3. Export arrays and nested data¶
For tables with arrays or nested structures, use JSON format:
EXPORT DATA OPTIONS(
uri = 'gs://your-bucket-name/path/orders/*.json',
format = 'JSON',
compression = 'GZIP',
overwrite = true
) AS (
SELECT
order_id,
customer_id,
items, -- Array field
shipping_address, -- Nested struct
order_date
FROM `your-project.your_dataset.orders`
ORDER BY order_date
);
JSON format considerations: When exporting to JSON format, BigQuery encodes INT64 values as JSON strings to maintain precision. You may need to handle this in your Tinybird schema by parsing these strings as integers.

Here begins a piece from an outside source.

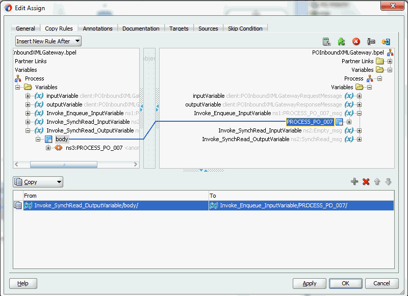 Drag the source node (CONFIRM_BOD_004) to connect to the target node (body) that you just identified. This creates a line that connects the source and target nodes. The copy rule is displayed in the From and To sections at the bottom of the Edit Assign dialog box.

4. Export using Parquet format¶
Parquet format also supports nested and repeated data, and can be more efficient for large datasets:
EXPORT DATA OPTIONS(
uri = 'gs://your-bucket-name/path/orders/*.parquet',
format = 'PARQUET',
compression = 'GZIP',
overwrite = true
) AS (
SELECT
order_id,
customer_id,
items,
shipping_address,
order_date
FROM `your-project.your_dataset.orders`
ORDER BY order_date
);
5. Automate the export¶
To automate the export, you can create a BigQuery Scheduled Query:
- In the BigQuery Console, click Scheduled queries
- Click Create scheduled query
- Enter your
EXPORT DATAstatement - Set the schedule (e.g., daily, hourly)
- Configure the destination dataset and table if needed
Follow the Google Cloud documentation for Scheduled Queries for more details.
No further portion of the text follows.